[Source records]
--
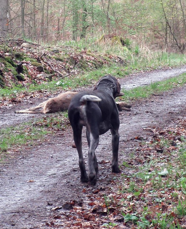 Как я понимаю, это итог работы по кровяному следу. Анонс выполнен: собака нашла тушу, пришла за ведущим и привела его к ней.
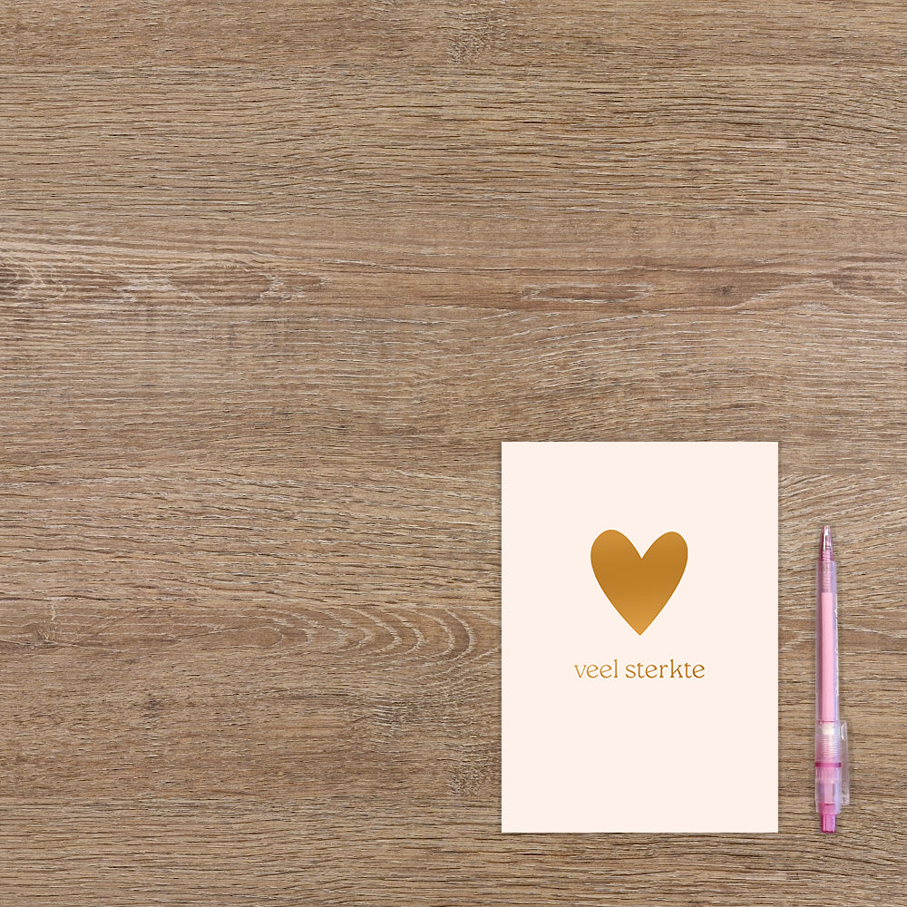 De wenskaart heeft een afmeting van x en een staande vorm. Op deze wenskaart staat een hart in het goud op een witte achtergrond met de tekst: "Veel sterkte". De binnenzijde van de wenskaart is bedrukt met een ontwerp passend bij de voorzijde van de kaart .
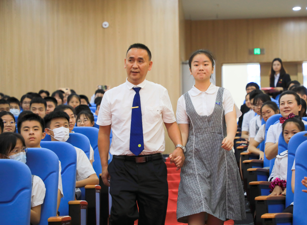 “实验学校奖奖学金”获奖者宿钰彬、何妍、卢浩锦与父母相挽,缓缓走过红毯,登上荣誉的颁奖台,这是属于他们和深圳实验光明学校的荣耀时刻!
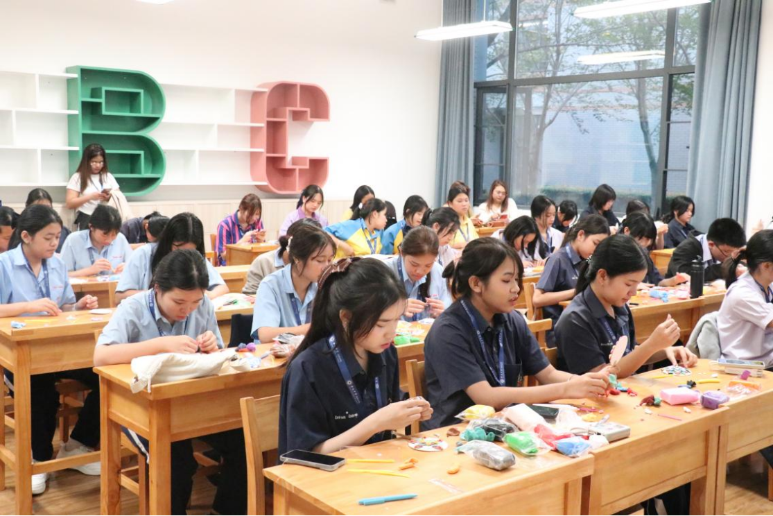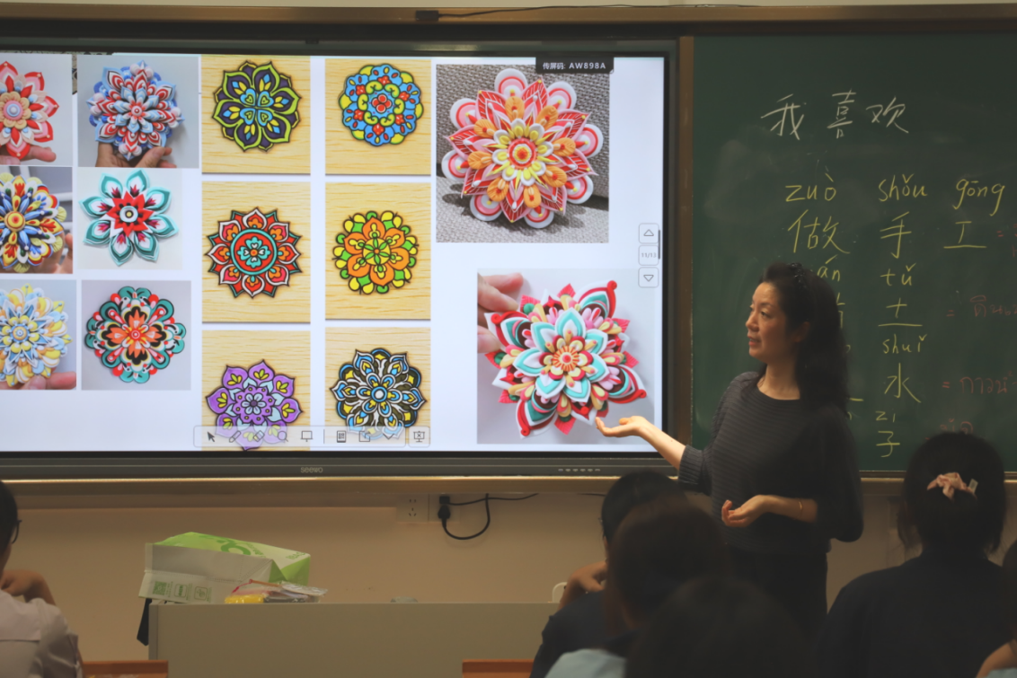 近日,来自泰国的四十名师生到访我校进行交流访学。为增进国际学生对中华优秀传统文化的了解与体验,我校初中部美术老师陈叶蓝为远道而来的客人们精心策划并主持了一场别开生面的中国传统文化体验课——敦煌主题黏土团扇制作。
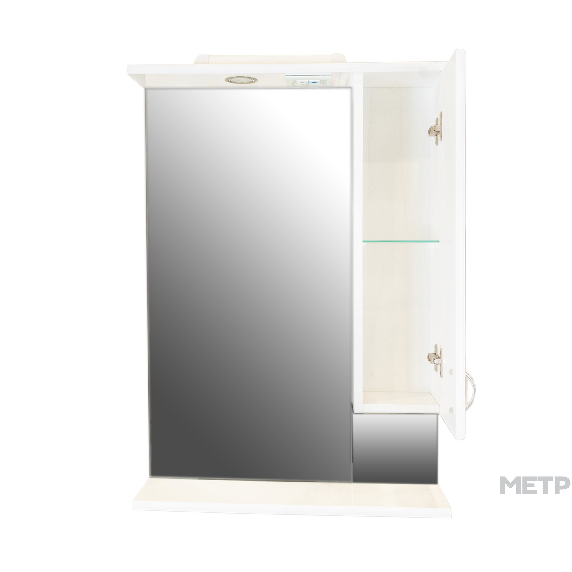 зеркало с боковым шкафчиком со светильником, розеткой, выключателем
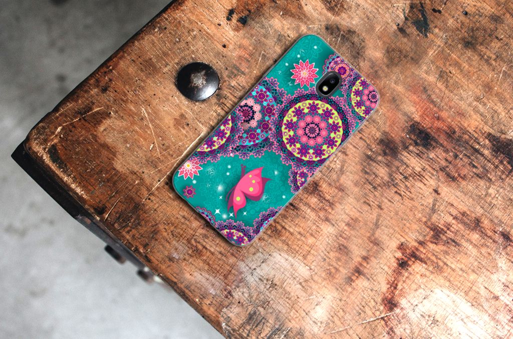 Deze opvallende Samsung Galaxy J7 2017 | J7 Pro Hoesje maken met Cirkels en Vlinders is een ware eyecatcher. De meeste vlinders hebben een onopvallende vleugelkleur en dat kun je van de soort op dit hoesje ook zeker wel zeggen. Wij kunnen deze opvallende vlinders en cirkels op een zeer handige tpu case zetten. Deze hoesjes zijn gewild omwille hun flexibiliteit. Met onze geavanceerde printer zetten we de print van opvallende vlinders en cirkels op de achterkant van het hoesje. De case met vlinders en cirkels blijft aan de zijkanten doorzichtig, zodat je maximaal het design van je smartphone behoudt. Verder is je telefoon natuurlijk goed beschermd met deze tpu case met print van blauwe vlinders. De bovenkant wordt bedrukt, de zijkanten niet. Met een screenprotector bescherm je ook het scherm maximaal.
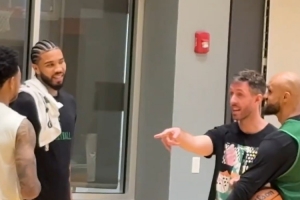 新发型亮眼!塔图姆现身训练场 与怀特&新援安芬尼-西蒙斯聊天
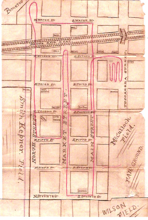 | Parade Route for the Town (155K) - This hand drawn map appears to be a parade route for the town. There is no date on the map but it appears to be after the PRR was built but before the Fairgrounds were move, Note the bridge across the railroad tracks on Tuscarora Street. Also note that Milford Street was designated as North Street. |
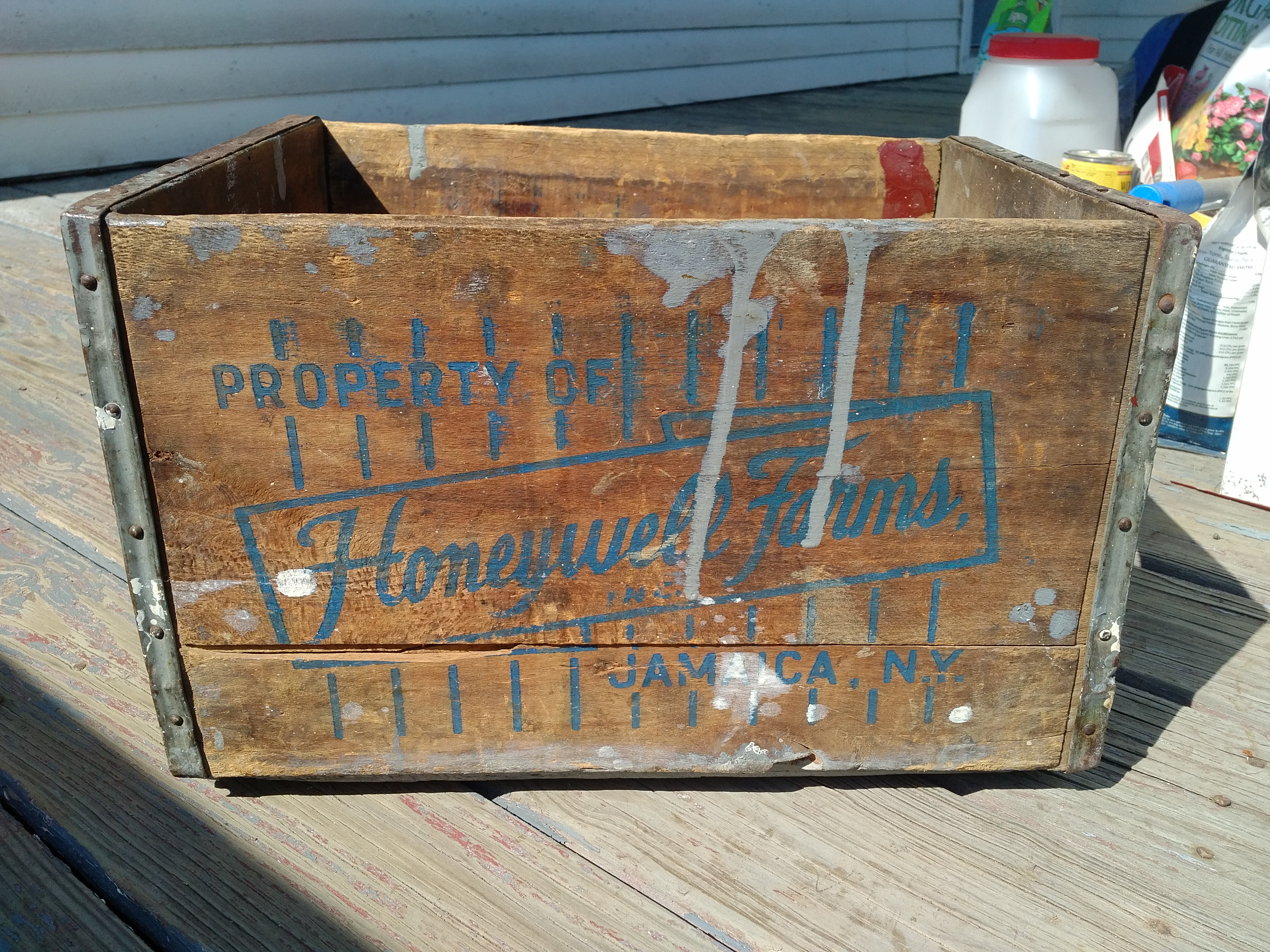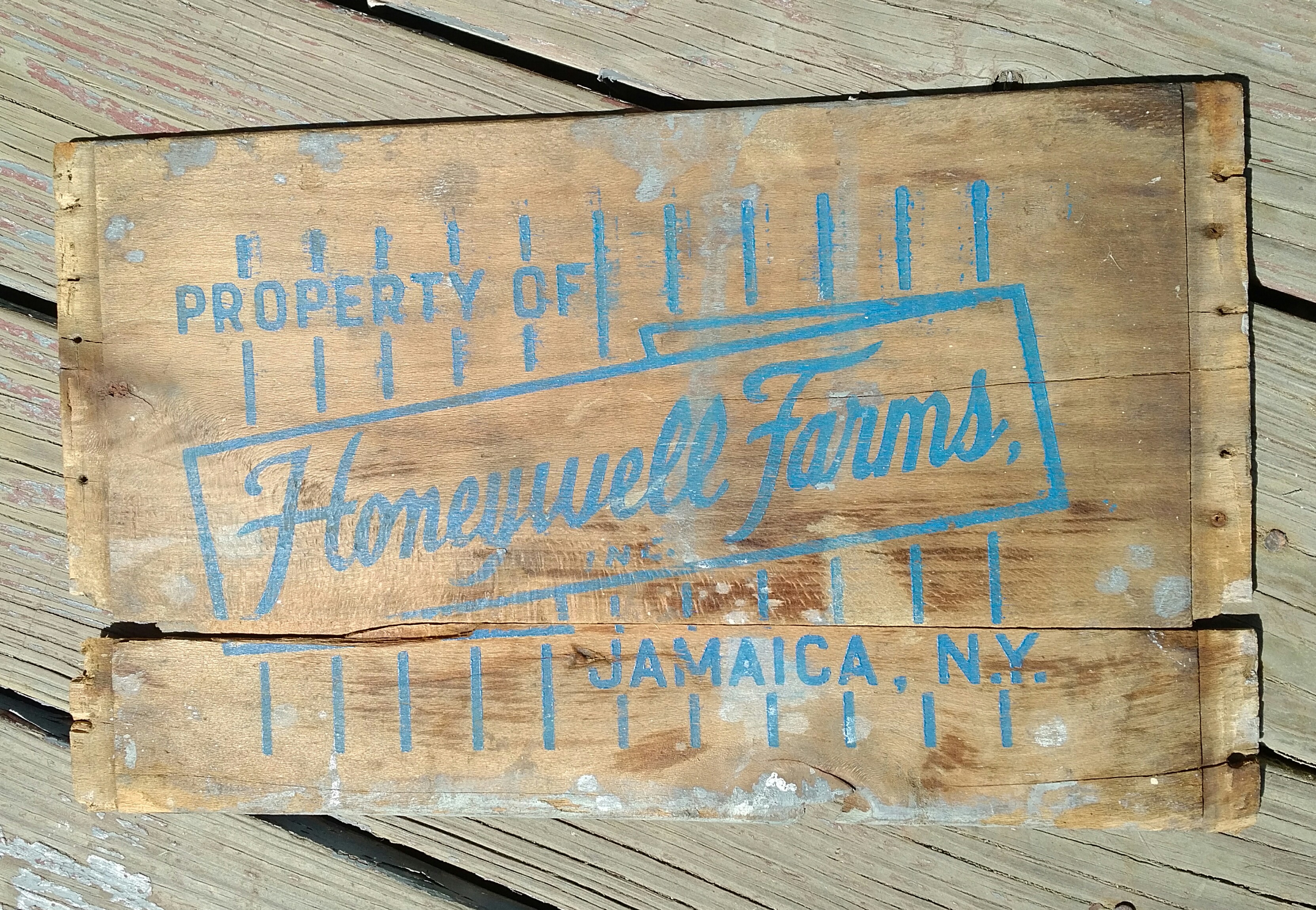 I wanted to create another painted crate artwork, similar to my Norman’s Kill Dairy piece.Β And after searching through eBay, I found a farm crate from Honeywell Farms in Jamaica, N.Y.
--
Try it:
What is needed is an exact copy of every entry, with the pictures removed.

Exercise response:
 Как я понимаю, это итог работы по кровяному следу. Анонс выполнен: собака нашла тушу, пришла за ведущим и привела его к ней.
 De wenskaart heeft een afmeting van x en een staande vorm. Op deze wenskaart staat een hart in het goud op een witte achtergrond met de tekst: "Veel sterkte". De binnenzijde van de wenskaart is bedrukt met een ontwerp passend bij de voorzijde van de kaart .
 “实验学校奖奖学金”获奖者宿钰彬、何妍、卢浩锦与父母相挽,缓缓走过红毯,登上荣誉的颁奖台,这是属于他们和深圳实验光明学校的荣耀时刻!
 近日,来自泰国的四十名师生到访我校进行交流访学。为增进国际学生对中华优秀传统文化的了解与体验,我校初中部美术老师陈叶蓝为远道而来的客人们精心策划并主持了一场别开生面的中国传统文化体验课——敦煌主题黏土团扇制作。
 зеркало с боковым шкафчиком со светильником, розеткой, выключателем
 Deze opvallende Samsung Galaxy J7 2017 | J7 Pro Hoesje maken met Cirkels en Vlinders is een ware eyecatcher. De meeste vlinders hebben een onopvallende vleugelkleur en dat kun je van de soort op dit hoesje ook zeker wel zeggen. Wij kunnen deze opvallende vlinders en cirkels op een zeer handige tpu case zetten. Deze hoesjes zijn gewild omwille hun flexibiliteit. Met onze geavanceerde printer zetten we de print van opvallende vlinders en cirkels op de achterkant van het hoesje. De case met vlinders en cirkels blijft aan de zijkanten doorzichtig, zodat je maximaal het design van je smartphone behoudt. Verder is je telefoon natuurlijk goed beschermd met deze tpu case met print van blauwe vlinders. De bovenkant wordt bedrukt, de zijkanten niet. Met een screenprotector bescherm je ook het scherm maximaal.
 新发型亮眼!塔图姆现身训练场 与怀特&新援安芬尼-西蒙斯聊天
 | Parade Route for the Town (155K) - This hand drawn map appears to be a parade route for the town. There is no date on the map but it appears to be after the PRR was built but before the Fairgrounds were move, Note the bridge across the railroad tracks on Tuscarora Street. Also note that Milford Street was designated as North Street. |
 I wanted to create another painted crate artwork, similar to my Norman’s Kill Dairy piece.Β And after searching through eBay, I found a farm crate from Honeywell Farms in Jamaica, N.Y.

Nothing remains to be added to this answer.